Apart from the unbelievable cuteness of this photo from the late 1950s, I like it because it reminds me that as a child I didn't know about snowmen. Of course this was long before the Briggs story. Whenever there was enough snow when I was growing up my father always made a snow bear. The one in the photo here is a particularly fine example. In subsequent years I always throught the traditional snowman had something missing - the large pointed ears!

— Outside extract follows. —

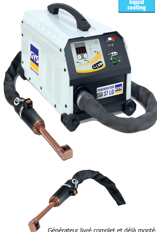
Générateur livré complet et déjà monté, avec 1 inducteur de chauffe 90°.

For the eyes and nose my father used pieces of coke which we used as fuel for the kitchen Rayburn. It was probably in good use on a day like this baking hot cakes for tea. I remember my mother's delight when we moved house and she had an electric cooker for the first time - with a thermostatic oven.

20 October 2007

Flood defences

I drove past this in the car today but had to go back on foot to check I had read this sign correctly. I'm not at all sure whether the instruction 'do not remove' is intended to refer to the wall or the sign itself. However, in view of the damage that can be caused by flooding I sincerely hope that nobody would be tempted to sneak up and remove the wall. Wall thefts and removals as we know are commonplace these days and I hope this warning notice serves its purpose and deters any potential culprits.

06 October 2007

Dalek Invasion of Suffolk

Back in the mid-1970s this giant Dalek was a familiar sight in Aldeburgh, Suffolk where it trundled up and down the Saxmundham Road and made a guest appearance at the Aldeburgh Cinema for the annual town carnival. It also made forays out into the High Street to advertise the film 'Peter Pan'.

The Dalek in question was built in 1976 using plans published by the BBC in a Radio Times Dr Who Special, and using materials and components that the BBC workshops used to create their own Dalek versions - except that this one ended up rather bigger, standing a good 6 feet high!

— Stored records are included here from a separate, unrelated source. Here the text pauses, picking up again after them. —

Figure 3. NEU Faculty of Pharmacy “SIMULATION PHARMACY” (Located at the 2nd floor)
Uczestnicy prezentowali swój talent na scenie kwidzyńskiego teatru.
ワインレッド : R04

The Dalek made its debut public appearance on the steps of the Royal Albert Hall in South Kensington just as the opening night of the Proms was ending and caused quite a stir among the concert goers as they streamed down the steps into Prince Consort Road.

This Dalek's reputation for getting into trouble started off when it was trundling along Oxford Street and stopped temporarily outside Debenham's. The commissionaire was alarmed at the huge crowd gathering around it and called the police. Minutes later a 'Black Maria' screamed to a halt alongside and what seemed like an army of uniformed officers piled out of the back and surrounded the Dalek. They then remonstrated with the Dalek that it was causing an obstruction and attempted to arrest it, much to the amusement of the assembled crowd.

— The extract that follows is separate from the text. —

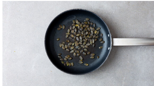
1. Kürbiskerne anrösten

Energie 674kcal, Fett 42.6g, Kohlenhydrate 29.9g, Eiweiß 42.0g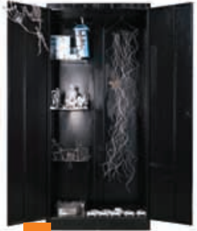
İstanbulboğulkaotik / Ezgi Sönmez Marmara Üniversitesi Güzel Sanatlar Fakültesi

However, it was the Dalek's misfortune to be solen overnight from its temporary home at Imperial College that brought it to the attention of millions when it's plight was featured on the BBC television programme 'Blue Peter', the ITV crime reporting programme 'Police Five' and a sprinkling of radio programmes and newspaper articles.

01 October 2007

London Airport - How Quaint!

I recently came across an edition of Visitor's London by Harold F. Hutchison and published by London Transport in 1955. In the light of the progress being made with Heathrow's Terminal Five, I was amused by this entry:

"London Airport is about 14 miles from the West End on the south of the Bath Road. It will not be fully completed for several years, but it is already an impressive and fascinating sight. There is a public enclosure where the visitor is given a running commentary on departures and arrivals, and the children have such additional amusements as pony rides, a miniature railway, and sandpits. Conducted tours of the airfield and short flights are arranged. London Airport displays the world's latest aircraft flying to and from every continent."

I doubt that the author had in mind quite so many years before completion! And what of the sandpits?


30 September 2007

Sestrel Hand Held Sighting Compass

This was given to my father by my uncle (my mother's brother) possibly in the 1960s and to my knowledge never been used. As part of my de-cluttering exercise I dug it out and was intrigued to see that it was made in Barking by the now-defunct Henry Browne & Son Ltd. A quick Google search revealed that an identical model was recently sold for £125 so I guess I'll hang on to it for a while.
It seems that Henry Browne were considered to be makers of very fine quality nautical instruments and were a part of Barking's proud maritime tradition. This compass is certainly very well made, with a beautiful wooden handle and a fine glass prism. Maybe it will come in useful when I finally retire and buy a boat!